An independent woman
Ferber was an independent woman who answered to no one. Her books’ success gave her a great deal of clout in film and theater. With their strong female characters, imaginative plots, and colorful locales, most of her novels became not only best sellers but also Academy Award-winning movies. These include Giant, Show Boat, Saratoga Trunk, and Cimarron.
An earlier novel, So Big, won a Pulitzer Prize. She also wrote eight plays, several of which were co-written with George S. Kaufman and produced on Broadway. The best known of these are Stage Door, The Royal Family, and Dinner at Eight.

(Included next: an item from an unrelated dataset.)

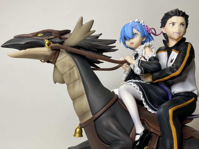 フィギュア棚を整理して、やっと開封♫「レム&スバル 白鯨討伐ver.」レムとスバルのスケールはメッチャ小さいけど、造形細かい!パトラッシュも迫力満点♫ #リゼロ #レム #美しきフィギュア達の宴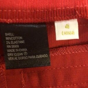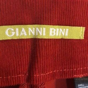 Corduroy wide leg cropped pants in a rich rusty orange. Wear with loafers or boots. Zip, hook and eye inside button closure. Legs are 11” wide. Ornamental pockets on backside. Very small area of loose stitching on left side of back otherwise in very good pre-owned condition. Refer to pictures for imperfections. Gianni Bini. Size 4.

An observer of human nature
Ferber didn’t gloss over the truth of human nature in her works — people could be greedy, cruel, and violent. She was also, as a Jewish woman in an antisemitic world, keenly aware of discrimination and oppression, and use these themes in various ways in her works.
In their time, Edna Ferber’s works were financial goldmines. Though her fiction and theatrical work may now be deemed more “popular” than literary, within her accessible storylines she spoke out against discrimination and classism, and created bold female protagonists. Edna Ferber died in New York City in 1968.
See also: Edna Ferber Quotes on Writing and Life
More about Edna Ferber on this site
- Edna Ferber: Forgotten Author Revisited
- Quotes on Writing and Life
- 5 Great Tips for the Writing Life
- Edna Ferber Writes Fiction Because She Can’t Help Herself
- The Unanticipated Success of So Big (1924)
- A Peculiar Treasure is Testimony to the Glorious Career of a Writer
- Dorothy Parker’s Review of Ice Palace
- Novelist Edna Ferber Dead at 86 in NY (obituary)
- Success or Failure, All’s to Do Again
- Developing the Discipline to Write Regularly
- Classic Women Authors Tackle Writer’s Block
- How can I stick to a writing schedule?
- Edna Ferber’s Show Boat from Stage to Screen
- So Big (1924)
- Show Boat (1926)
- Cimarron (1929)
- Come and Get It (1935)
- Saratoga Trunk (1945)
- Giant (1952)
- Ice Palace (1958)
In addition to these major works, Ferber produced numerous other novels, including her first, Dawn O’Hara (1911), followed by Buttered Side Down (1912); Fanny Herself (1917); Gigolo (1922); American Beauty (1931); and many others. Her early Emma McChesney stories were quite popular in their time.
Selected Stage Plays (those listed below were co-written with George S. Kaufman)
- Stage Door (1926)
- The Royal Family (1927)
- Dinner at Eight (1932)
- The Land is Bright (1941)
- Bravo (1946)
Autobiographies and Biographies about Edna Ferber
- Ferber on Wikipedia
- Edna Ferber and the James Adams Floating Theatre
- Writing Under Difficulties
- Ferber’s books discussed on Goodreads
- Ferber page on Amazon
Selected film adaptations of Edna Ferber’s works
- Cimarron (1931)
- So Big (1932)
- Saratoga Trunk (1945)
- Show Boat (1936)
- Show Boat (1951)
- Giant (1956)
- Cimarron (1960)
- Edna Ferber’s Home – New York, NY
See also: The Unanticipated Success of So Big (1924)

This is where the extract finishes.